Pore-size data in petrophysics: a perspective on the measurement of pore geometry

Abstract

Abstract Mercury injection capillary pressure (MICP), backscattered electron images (BSEI) and nuclear magnetic resonance (NMR) provide pore-geometry parameters useful for understanding variations in rock properties. MICP pore size is an area-equivalent diameter of the throats connecting the pore system. The MICP distribution contains a point (the turning point) that reveals where mercury first encounters the permeable network. This point identifies both critical pore size and connected porosity. BSEI measure pore area and diameter.
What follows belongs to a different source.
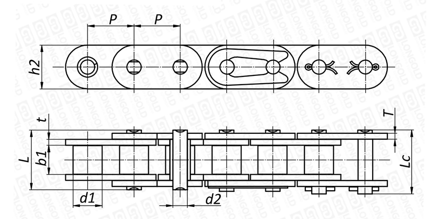 上圖為單排不銹鋼短節(jié)距B系列直板滾子鏈本體的結(jié)構(gòu)圖。

Both parameters are unrelated to any specific morphological element. NMR pore size is a derivative of the pore-surface:volume ratio. Like BSEI, NMR pore size is unrelated to morphological elements. Like MICP, NMR provides a pore-size distribution that represents the entire sample volume. All three techniques provide a data distribution suitable for cross-correlation. Matching distributions determines the character of the permeable pore system. NMR and MICP distributions compare through the entire time and pressure spectra, matching best in the central part of the distributions. The match suggests pore-throats merge with the pore channels in the permeable part of the system. BSEI distributions match only with the low-pressure, slow-time parts of the other distributions. However, image porosity has a stronger correlation with permeability than any of the other parameters, suggesting that the BSEI distribution is near the turning point.